Oleh : Ade Irma (Pemerhati Umat)
Dan terjadi lagi, kebijakan yang dilakukan pemerintah menuai pro dan kontra. Bagaimana tidak ditengah kondisi ekonomi masyarakat yang sulit pasca pandemi covid19 , kini harus dihadapkan dengan kebijakan yang seolah memaksa dan tentu menambah beban masyarakat.
Melansir dari Topswara.com -- Migrasi siaran televisi (TV) analog ke digital telah bergulir sejak tanggal 2 November 2022 pas bertepatan pukul 00.00 wib tengah malam dalam hitungan mundur yang disaksikan oleh Menteri Komunikasi dan Informatika (Menkominfo) Johnny G dan Menteri Koordinator Bidang Politik, Hukum, dan Keamanan Mahfud Md.
Pemadaman TV analog baru mencakup wilayah Jabodetabek, Riau (Kota Dumai, Kabupaten Bengkalis, Kabupaten Miranti), NTT (Kabupaten Timur Tengah Utara, Kabupaten Belu, Kabupaten Malaka), dan Papua Barat (Kota dan Kabupaten Sorong).
Setelah resmi pemerintah mematikan siaran TV analog dan bermigrasi ke TV digital, pro kontra tetap bergulir. Pasalnya rakyat kecil lah yang terdampak imbasnya, terlebih di tengah tsunami kemiskinan yang masih menjadi pekerjaan besar bagi pemerintah.
Untuk bermigrasi ke TV digital masyarakat harus beralih dari TV Tabung ke TV digital dan STB ( Set Top Box). Walaupun di beberapa titik wilayah sudah ada posko di bagikan STB gratis. Namun sudah menjadi rahasia umum ketika ada bantuan acapkali tidak tepat sasaran dan tidak optimal. Tidak semua masyarakat bisa mendapatkan STB gratis, yang akhirnya mereka harus membelinya.
Diberbagai wilayah masyarakat berebut mencari STB dengan langsung mendatangi toko elektronik atau membeli di toko online. Tingginya peminat STB dimanfaatkan sejumlah oknum untuk menaikkan harga dan melakukan penipuan.
Alih-alih memberikan kemudahan justru menambah beban masyarakat dan memberikan masalah yang baru.
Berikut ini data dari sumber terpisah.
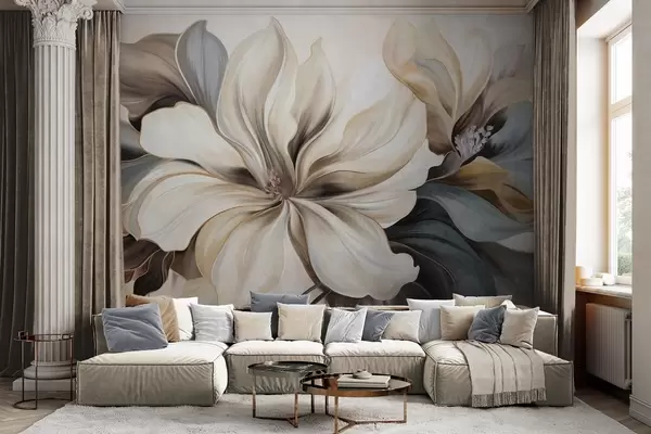 Carta da parati Grandi fiori di magnolia color crema con foglie marroni e grigie, illuminazione soffusa, sfondo astratto nr. w09749

Lalu siapakah yang diuntungkan dalam migrasi TV Digital ini?
Pihak pertama yang diuntungkan tentunya pemerintah.
Pemerintah berpotensi mendapatkan kenaikan pendapatan sebesar Rp 77 triliun per tahun jika migrasi ke TV digital terealisasikan. Karena pendapatan dari frekuensi TV analog saat ini hanya mendapatkan Rp100 miliar-an. Pendapatan ini berasal dari biaya penggunaan frekuensi atau disebut digital dividend yang disetorkan pelaku usaha digital yang memakainya.
Pihak kedua yang diuntungkan adalah pelaku bisnis digital yang mendapatkan saluran frekuensi 700 MHz untuk broadband. Pemanfaatan saluran frekuensi ini akan mengembangkan ekosistem bisnis kreatif, sehingga ekonominya akan membesar.
Hasil riset Boston Consulting, juga mengungkakan bahwa kontribusi migrasi ke digital terhadap PDB bisa mencapai Rp 443,8 triliun per tahun. Maka, semakin lama menunda, maka negara semakin merugi, karena potensi pendapatan dari sektor TV digital tidak terpenuhi.
Lalu bagaimana Islam memandangnya?
Televisi merupakan sarana hiburan dan media informasi yang dibutuhkan masyarakat.
Media massa (wasa’il al i’lam) dalam Islam sepenuhnya dikendalikan oleh seorang Khalifah, yang mana seorang Khalifah mengawasi berita aktual yang disampaikan kepada masyarakat melalui orang-orang yang berkompeten di bidangnya. Media massa bagi negara Khilafah dan pentingnya dakwah Islam mempunyai fungsi strategis yaitu melayani ideologi Islam, baik di dalam maupun di luar negeri. Jadi, media bukan hanya sebatas hiburan apalagi sampai melenakan dan menghabiskan waktu sepanjang hari dengan menonton satu acara ke acara lain. Apalagi acara-acara yang dipertontonkan banyak mudharatnya.
Islam pun menjamin kemudahan dan kebutuhan media massa untuk masyarakat. Negara Islam pun tidak mengambil kesempatan untuk meraup keuntungan dari media massa, seperti yang terjadi saat ini.
Oleh karena itu, media massa dalam Islam akan mampu mewujudkan masyarakat cerdas karena memiliki tuntunan yang jelas dalam semua urusan hidupnya.